The karate club is a member of the International Shotokan Karate Federation and trains men and women separately from as young as 10-year-old Aviya to those over age 70 as they train under Cary Johnson and Rothenberg. The rising fourth grader at Fuchs Mizrachi School in Beachwood was the 2022 recipient of the Youth Division of the Mid-America ISKF Scholarship Program for an essay she wrote about how karate has taught her respect and helped her overcome challenging times, Rothenberg said.

“Karate has helped me by increasing my ability to focus and gain strength,” Aviya wrote to the CJN in an email. “It means that you are part of something bigger, that you belong to a team and train with the same goal.”

Family picture (Sagiv-husband, Amichai 6yo, Ariella 7mo old, Aviya 10yo).JPG
Sagiv and Ksenia Aaron with 6-year-old Amichai, 7-month-old Ariella and 10-year-old Aviya.

While living in Los Angeles, Aviya competed in local and national competitions, and at 6-years-old was invited to compete on the world stage with Youth Team USA at the second World BUDO Karate Championship in Traditional Shotokan Karate in Brno, Czech Republic, where she took gold in sparring and silver in kata, which are drills of various techniques. More than 1,200 worldwide competitors from ages 6 to 17 attended, Rothenberg said.

“She developed passion,” Ksenia Aaron, a physician at Cleveland Clinic and member of Beachwood Kehilla, told the CJN. “She became more serious about it as she was progressing with belts and competing more, and she realized that she’s good at it. Her weakness went away, and she liked what karate stood for, the discipline, the camaraderie.”

Aviya captured gold in kata for the purple belt level in 2021 at the U.S. National Youth Championship, which was held online due to the pandemic and, most recently she, competed in a U.S. National Championship in St. Louis May 22, winning gold for kata and bronze for sparring in the age 10 to 11 brown/black belt category.
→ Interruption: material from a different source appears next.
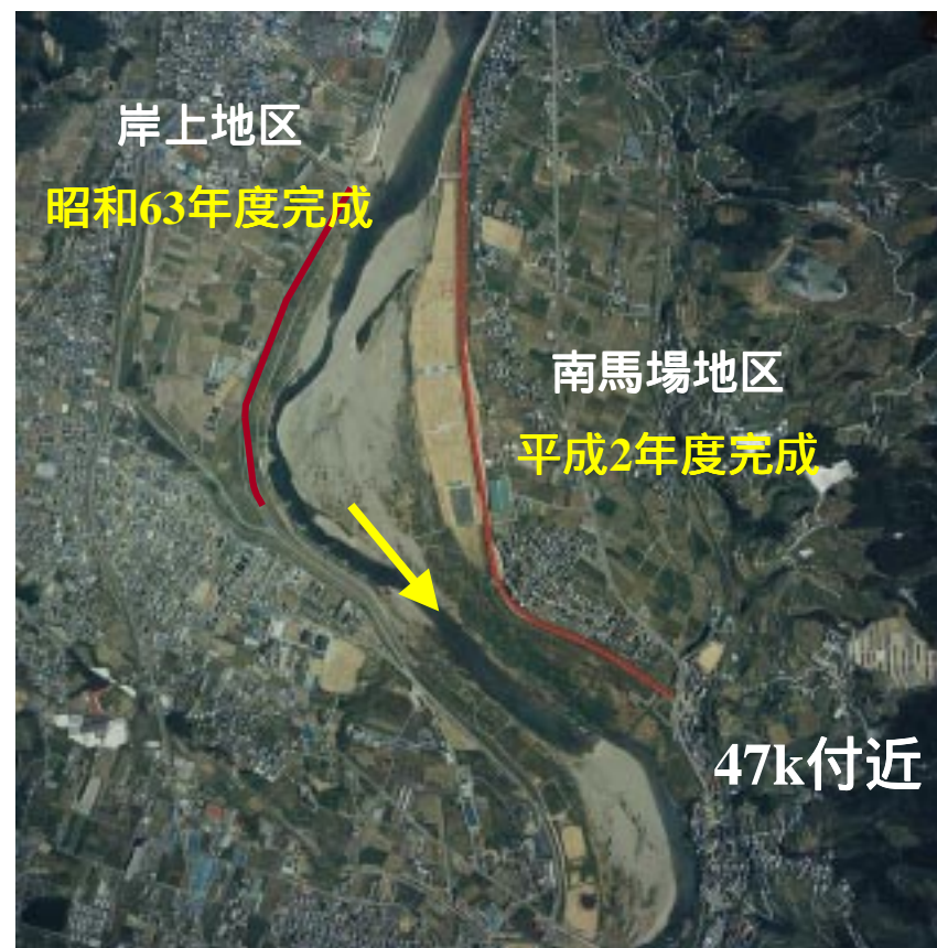
施工後（平成8年頃状況）

Aaron said Aviya plans to compete on the world stage again in Poland as long as the situation with COVID-19 and the war in Ukraine allows it. Her goal is to one day compete in the Olympics, but karate isn’t her only passion as Aviya also wants to become a veterinarian.

“Competing makes not only yourself proud of accomplishments but also other people, like coaches,” Aviya wrote. “It makes me happy that I have achieved something that I worked hard for. The goal is to do my best, whether I win or not.”